▸ **RECORDED INFORMATION**
- - -
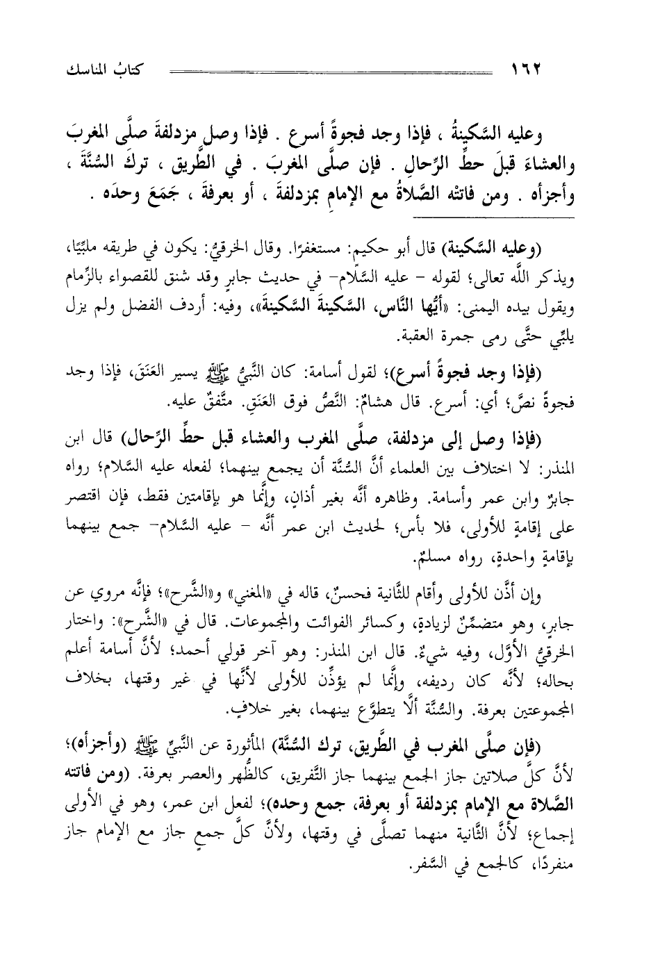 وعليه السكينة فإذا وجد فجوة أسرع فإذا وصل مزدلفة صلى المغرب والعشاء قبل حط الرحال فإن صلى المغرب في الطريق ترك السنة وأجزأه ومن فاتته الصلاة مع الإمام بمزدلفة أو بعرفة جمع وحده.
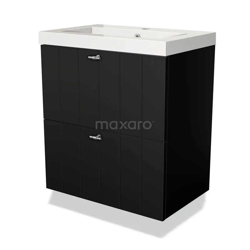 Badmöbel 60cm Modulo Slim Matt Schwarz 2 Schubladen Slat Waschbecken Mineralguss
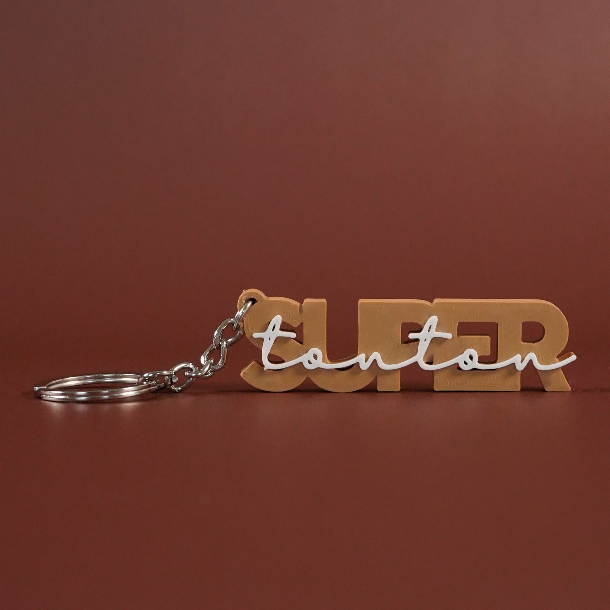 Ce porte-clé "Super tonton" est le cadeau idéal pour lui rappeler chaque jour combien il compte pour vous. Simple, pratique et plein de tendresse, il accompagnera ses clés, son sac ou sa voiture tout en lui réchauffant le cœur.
- - -
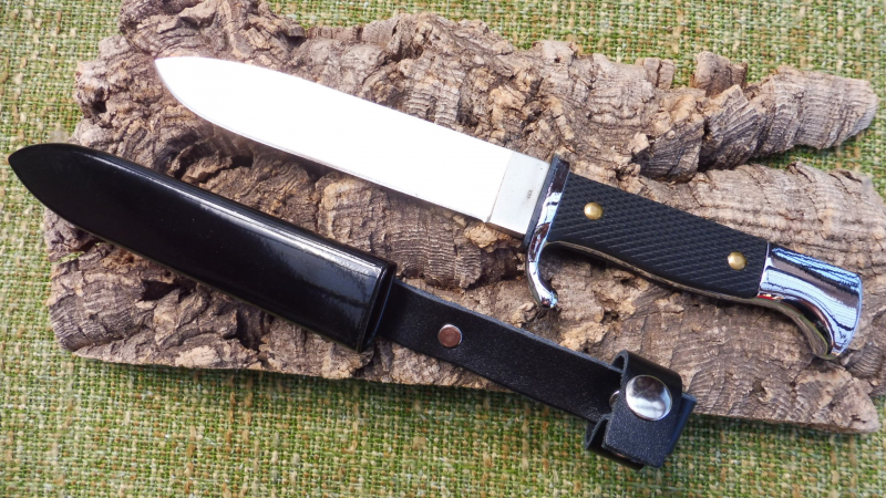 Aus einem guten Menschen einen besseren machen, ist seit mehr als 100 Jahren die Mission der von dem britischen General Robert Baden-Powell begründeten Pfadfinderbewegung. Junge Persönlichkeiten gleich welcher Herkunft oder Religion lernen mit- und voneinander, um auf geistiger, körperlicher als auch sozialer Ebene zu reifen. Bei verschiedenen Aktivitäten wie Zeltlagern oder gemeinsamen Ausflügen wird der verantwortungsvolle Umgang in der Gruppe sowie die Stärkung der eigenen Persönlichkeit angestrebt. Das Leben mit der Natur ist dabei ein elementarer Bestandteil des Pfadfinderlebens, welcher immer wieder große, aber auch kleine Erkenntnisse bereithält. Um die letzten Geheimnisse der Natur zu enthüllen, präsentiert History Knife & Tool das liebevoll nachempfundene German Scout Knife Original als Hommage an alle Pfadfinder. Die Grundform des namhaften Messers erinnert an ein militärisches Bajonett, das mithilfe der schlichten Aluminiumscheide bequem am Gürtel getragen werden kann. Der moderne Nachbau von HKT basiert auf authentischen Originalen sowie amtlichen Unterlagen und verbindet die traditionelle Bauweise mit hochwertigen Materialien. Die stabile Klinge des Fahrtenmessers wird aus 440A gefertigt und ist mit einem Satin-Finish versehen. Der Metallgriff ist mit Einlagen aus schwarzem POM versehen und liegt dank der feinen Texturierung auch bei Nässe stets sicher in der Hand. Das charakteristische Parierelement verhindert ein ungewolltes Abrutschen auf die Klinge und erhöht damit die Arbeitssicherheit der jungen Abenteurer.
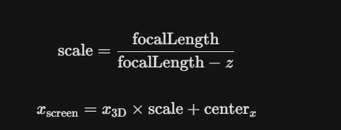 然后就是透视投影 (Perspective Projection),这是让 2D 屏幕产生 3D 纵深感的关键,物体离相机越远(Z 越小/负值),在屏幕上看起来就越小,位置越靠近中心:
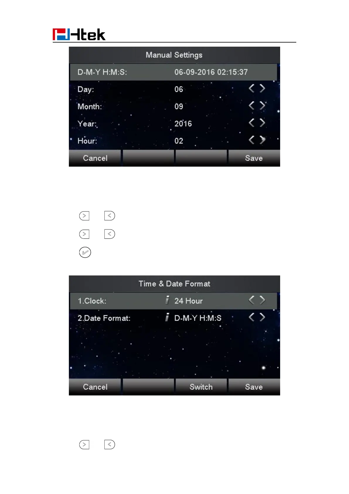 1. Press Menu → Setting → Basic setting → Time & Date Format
- - -
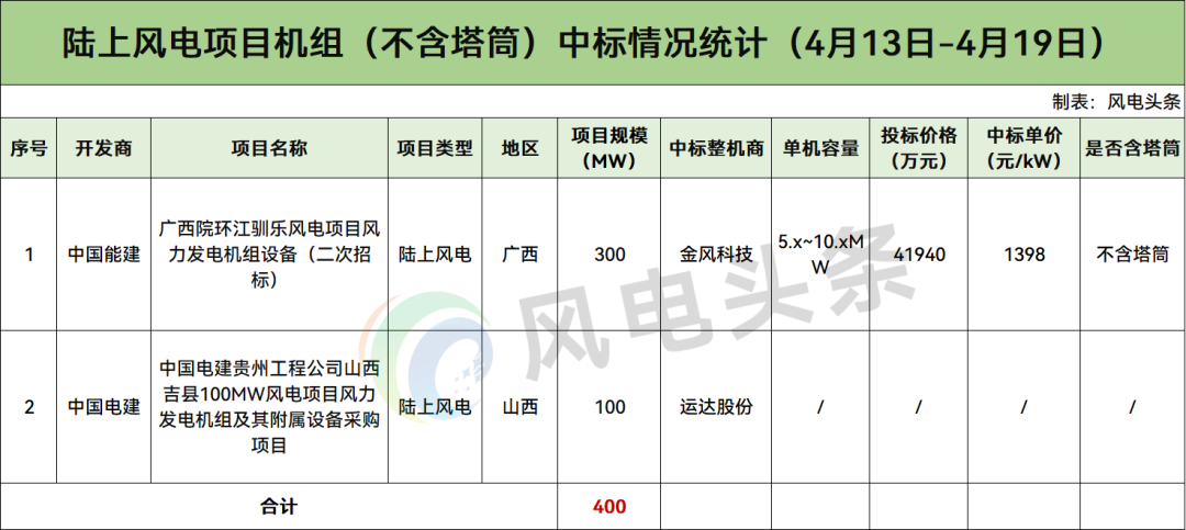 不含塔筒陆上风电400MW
- - -
▸ **PROBLEM REQUIREMENTS**
Copy back exactly the lines above from the one containing "وعليه السكينة فإذا" through the one containing "réchauffant le cœur.", and leave every picture behind.

▸ **REPLY TO THE TASK**
 وعليه السكينة فإذا وجد فجوة أسرع فإذا وصل مزدلفة صلى المغرب والعشاء قبل حط الرحال فإن صلى المغرب في الطريق ترك السنة وأجزأه ومن فاتته الصلاة مع الإمام بمزدلفة أو بعرفة جمع وحده.
 Badmöbel 60cm Modulo Slim Matt Schwarz 2 Schubladen Slat Waschbecken Mineralguss
 Ce porte-clé "Super tonton" est le cadeau idéal pour lui rappeler chaque jour combien il compte pour vous. Simple, pratique et plein de tendresse, il accompagnera ses clés, son sac ou sa voiture tout en lui réchauffant le cœur.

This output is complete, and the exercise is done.